EVs left flooded in Florida following Hurricane Ian led to numerous powertrain battery fires that have fire officials there on edge.
While assessing storm damage Thursday in Southwest Florida, an area hit especially hard by the Category 4 storm, Florida Chief Financial Officer and State Fire Marshal Jimmy Patronis learned firsthand of a burning Tesla in the area that had been flooded by storm surge over week prior on Sept. 28.
Patronis tweeted a video (see below) of the car surrounded by Collier County firefighters as they attempt to extinguish the blaze. A woman is overheard in the 31-second clip stating that two fire engines with a total of 1,500 gallons of water had failed to put out the fire and that they had since connected a fire hose to a nearby hydrant to continue dousing the smoldering car with water.
Other EVs have caught fire following the deadly hurricane. North Collier Assistant Fire Chief James Hammond told Fox Business Friday morning that crews there had so far responded to 10 EV fires that resulted after the cars’ battery packs were submerged in floodwaters. The fires continue to tax department resources, Hammond said, given the intensity of a battery pack fire.
“A typical car fire in the past would be one tank of water from our engine and would be less than an hour job.

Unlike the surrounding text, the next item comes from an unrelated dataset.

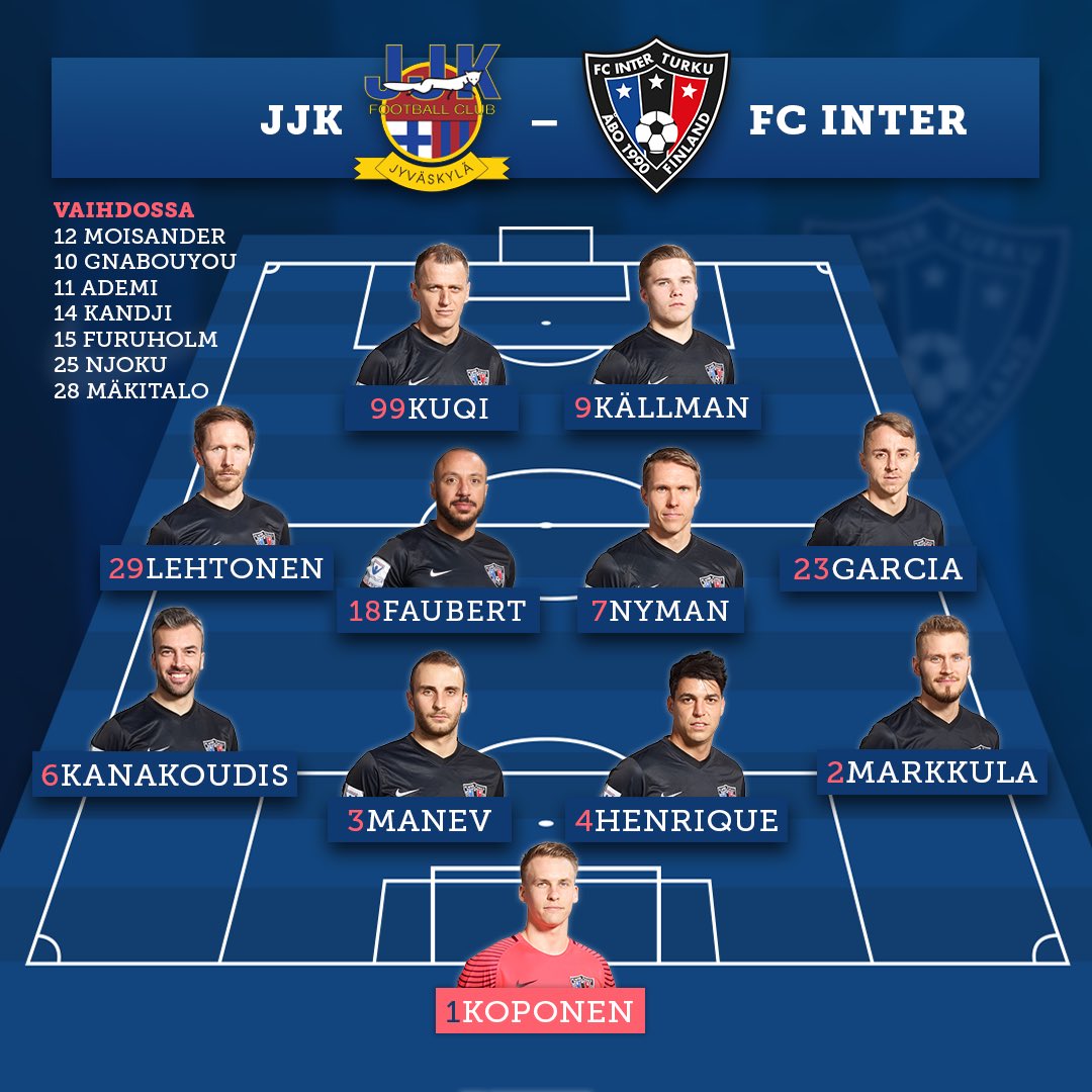 Tällaisella kokoonpanolla lähdetään tänään jyväskyläläisten kimppuun klo 17.00 alkaen! #fcinterturku #veikkausliiga

Pretty routine,” Hammond said. “And these we’re finding take hours to cool the batteries to keep them out of a runaway situation. It just ties up resources a lot longer, and in some cases where we don’t have a water source, we have to secure the area and let them burn.”
Additional fires could be coming. Patronis Tweeted that there’s “a ton of EV’s disabled from Ian. As those batteries corrode, fires start.” Flooded EVs were exposed to saltwater, which according to the National Fire Protection Association can hasten corrosion in both low- and high-voltage components.
“There are many EVs in Southwest Florida, and unlike a normal gas engine, saltwater corrodes those lithium batteries causing fires,” Patronis said in an official statement Thursday. “While EVs are nothing new, there hasn’t been a lot of experience throughout the nation related to EVs catching fire as a result of salty, storm surge water. The State Fire Marshal’s Office is currently coordinating with area fire teams to see whether additional assistance is needed from the State to respond to these potential fires.”
Overall, fire risks are lower with EVs than conventional gas and diesel vehicles according to North American Council for Freight Efficiency director of emerging technologies Rick Mihelic.
“Nobody wants recalls and nobody wants fires. Everybody is very focused on safety,” said Mihelic who’s also a CCJ columnist. “Anything that actually makes it to production is probably not going to be a risk. I’ve written several times that, in general, it’s less likely that an EV will catch fire than a gasoline or diesel truck.”
Florida has the second highest number of EVs in the nation. The Department of Energy reported in December that California is top with 563,070 registered light-duty EVs with Florida coming in at a distant second with 95,640. Texas is third with 80,900 EVs. The DOE does not report tallies on medium- and heavy-duty EVs.